Additional input arguments are keepNotFormatted to specify whether not formatted rows should be returned or dropped, and useFormatOrder to define if rows should be sorted as in estimateNameFormat or if the original order should be kept. In the latter scenario, when more than one estimate is pulled together, the new estimate position will be the first of the estimates being merged.

3. formatHeader()

This function helps to create a nice header for a flextable, gt table and other table formatting packages.

To this aim, this function pivots the columns specified in header “widening” the table. The name of the new columns can be formatted with the arguments header, delim, inlcudeHeaderName, and includeHeaderKey to later convert obtain a nice header of the formatted table (flextable or gt table).

Header keys

There are 3 different types of headers, identified with the keys “header”, “header_name”, and “header_level”.

For instance, we might want to pivot by “group_level” and have an upper header called “Names of the cohorts”. To do that we would proceed as follows:

mock_sr |>
  formatHeader(
    header = c("Names of the cohorts", "group_level"),
    delim = "\n",
    includeHeaderName = TRUE,
    includeHeaderKey = TRUE
  ) |>
  glimpse()
#> Rows: 36
#> Columns: 16
#> $ result_id                                                                       <int> …
#> $ cdm_name                                                                        <chr> …
#> $ result_type                                                                     <chr> …
#> $ package_name                                                                    <chr> …
#> $ package_version                                                                 <chr> …
#> $ group_name                                                                      <chr> …
#> $ strata_name                                                                     <chr> …
#> $ strata_level                                                                    <chr> …
#> $ variable_name                                                                   <chr> …
#> $ variable_level                                                                  <chr> …
#> $ estimate_name                                                                   <chr> …
#> $ estimate_type                                                                   <chr> …
#> $ additional_name                                                                 <chr> …
#> $ additional_level                                                                <chr> …
#> $ `[header]Names of the cohorts\n[header_name]group_level\n[header_level]cohort1` <chr> …
#> $ `[header]Names of the cohorts\n[header_name]group_level\n[header_level]cohort2` <chr> …

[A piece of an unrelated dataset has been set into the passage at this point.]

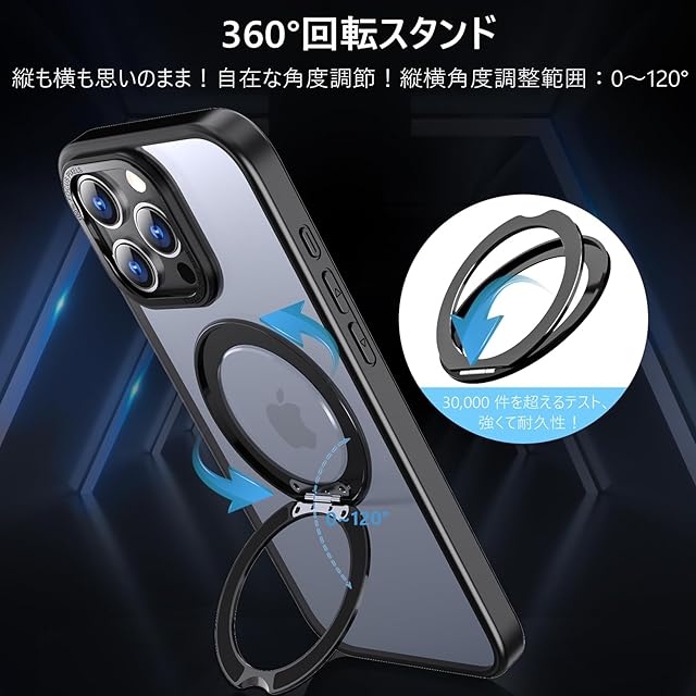 商品名:KWATUNG ケース iphone 16 pro 用 ケース magsafe対応 ワイヤレス充電 iphone16pro 用ケース 耐衝撃 いphone16pro 用ケース 360°回転スタンド 縦横両対応 アイフォン16プロ用ケース マグネット搭載 アイフォン16pro 用ケース 防指紋 米軍MIL規格 iphone16プロ 用ケース 6.3インチ 半透明 マット感 ブラック

The labels indicating which type of header refers to in the new column names can be removed with includeHeaderKey. However, having these keys in our header will allow to style separately the different header types in the next step (fxTable and gtTable).

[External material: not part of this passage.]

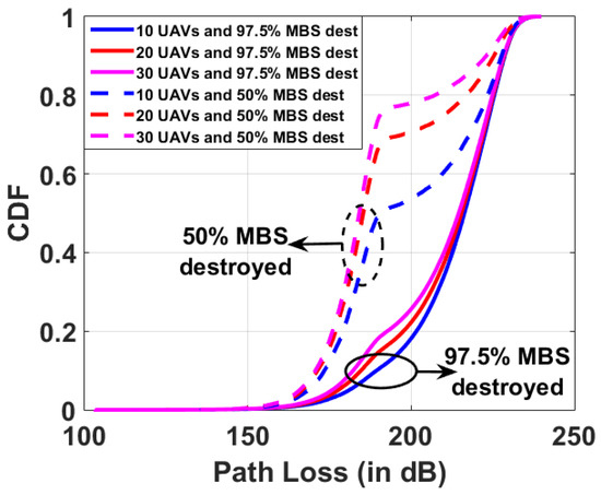 Figure 3 characterizes the empirical path loss cumulative distribution functions (CDFs) for the OHPL model, calculated for all distances between the base stations ( and the ) and GUEs () that are distributed using MCP and TCP. By inspecting Figure 3, we can intuitively conclude that the maximum allowable path loss is diverse when the GUEs are distributed using MCP and TCP. In Figure 3, we plot the CDFs for the cases when and of the MBS are destroyed. A close inspection of Figure 3 reveals that the variation in CDFs is minimum for the different numbers of UABSs deployed and for a different number of the MBSs destroyed. Both MCP and TCP observe a similar distribution in CDF, and the maximum allowable path loss for the system when the GUEs are distributed using both processes is approximately 240 dB.

Continuing with our example, we want to pivot by strata (name and level), but, we do not want the column names to appear in the header:

mock_sr <- mock_sr |>
  mutate(across(c("strata_name", "strata_level"), ~ gsub("&&&", "and", .x))) |>
  formatHeader(
    header = c("Stratifications", "strata_name", "strata_level"),
    delim = "\n",
    includeHeaderName = FALSE,
    includeHeaderKey = TRUE
  ) 

mock_sr |> glimpse()
#> Rows: 8
#> Columns: 22
#> $ result_id                                                                                 <int> …
#> $ cdm_name                                                                                  <chr> …
#> $ result_type                                                                               <chr> …
#> $ package_name                                                                              <chr> …
#> $ package_version                                                                           <chr> …
#> $ group_name                                                                                <chr> …
#> $ group_level                                                                               <chr> …
#> $ variable_name                                                                             <chr> …
#> $ variable_level                                                                            <chr> …
#> $ estimate_name                                                                             <chr> …
#> $ estimate_type                                                                             <chr> …
#> $ additional_name                                                                           <chr> …
#> $ additional_level                                                                          <chr> …
#> $ `[header]Stratifications\n[header_level]overall\n[header_level]overall`                   <chr> …
#> $ `[header]Stratifications\n[header_level]age_group and sex\n[header_level]<40 and Male`    <chr> …
#> $ `[header]Stratifications\n[header_level]age_group and sex\n[header_level]>=40 and Male`   <chr> …
#> $ `[header]Stratifications\n[header_level]age_group and sex\n[header_level]<40 and Female`  <chr> …
#> $ `[header]Stratifications\n[header_level]age_group and sex\n[header_level]>=40 and Female` <chr> …
#> $ `[header]Stratifications\n[header_level]sex\n[header_level]Male`                          <chr> …
#> $ `[header]Stratifications\n[header_level]sex\n[header_level]Female`                        <chr> …
#> $ `[header]Stratifications\n[header_level]age_group\n[header_level]<40`                     <chr> …
#> $ `[header]Stratifications\n[header_level]age_group\n[header_level]>=40`                    <chr> …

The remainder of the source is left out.